### What you should do
From the line containing "Jede Kette ist" to the last line of the records below, retype every line exactly and output nothing else.

[Records from a dataset]
☆ ☆ ☆

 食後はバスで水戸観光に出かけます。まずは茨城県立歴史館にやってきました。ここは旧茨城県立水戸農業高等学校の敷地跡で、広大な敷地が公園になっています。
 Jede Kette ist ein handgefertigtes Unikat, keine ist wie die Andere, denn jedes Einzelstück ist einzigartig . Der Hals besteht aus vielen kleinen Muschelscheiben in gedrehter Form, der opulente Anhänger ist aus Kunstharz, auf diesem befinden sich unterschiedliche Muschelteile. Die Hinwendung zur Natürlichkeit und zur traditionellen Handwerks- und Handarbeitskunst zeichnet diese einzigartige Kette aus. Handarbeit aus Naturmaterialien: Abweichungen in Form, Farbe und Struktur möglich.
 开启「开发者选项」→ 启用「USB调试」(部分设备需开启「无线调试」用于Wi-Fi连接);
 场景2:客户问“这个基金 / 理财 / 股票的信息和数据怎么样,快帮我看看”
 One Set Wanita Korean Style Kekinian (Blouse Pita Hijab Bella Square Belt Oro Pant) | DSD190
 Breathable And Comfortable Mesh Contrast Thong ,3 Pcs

☆ ☆ ☆

### Task result
 Jede Kette ist ein handgefertigtes Unikat, keine ist wie die Andere, denn jedes Einzelstück ist einzigartig . Der Hals besteht aus vielen kleinen Muschelscheiben in gedrehter Form, der opulente Anhänger ist aus Kunstharz, auf diesem befinden sich unterschiedliche Muschelteile. Die Hinwendung zur Natürlichkeit und zur traditionellen Handwerks- und Handarbeitskunst zeichnet diese einzigartige Kette aus. Handarbeit aus Naturmaterialien: Abweichungen in Form, Farbe und Struktur möglich.
 开启「开发者选项」→ 启用「USB调试」(部分设备需开启「无线调试」用于Wi-Fi连接);
 场景2:客户问“这个基金 / 理财 / 股票的信息和数据怎么样,快帮我看看”
 One Set Wanita Korean Style Kekinian (Blouse Pita Hijab Bella Square Belt Oro Pant) | DSD190
 Breathable And Comfortable Mesh Contrast Thong ,3 Pcs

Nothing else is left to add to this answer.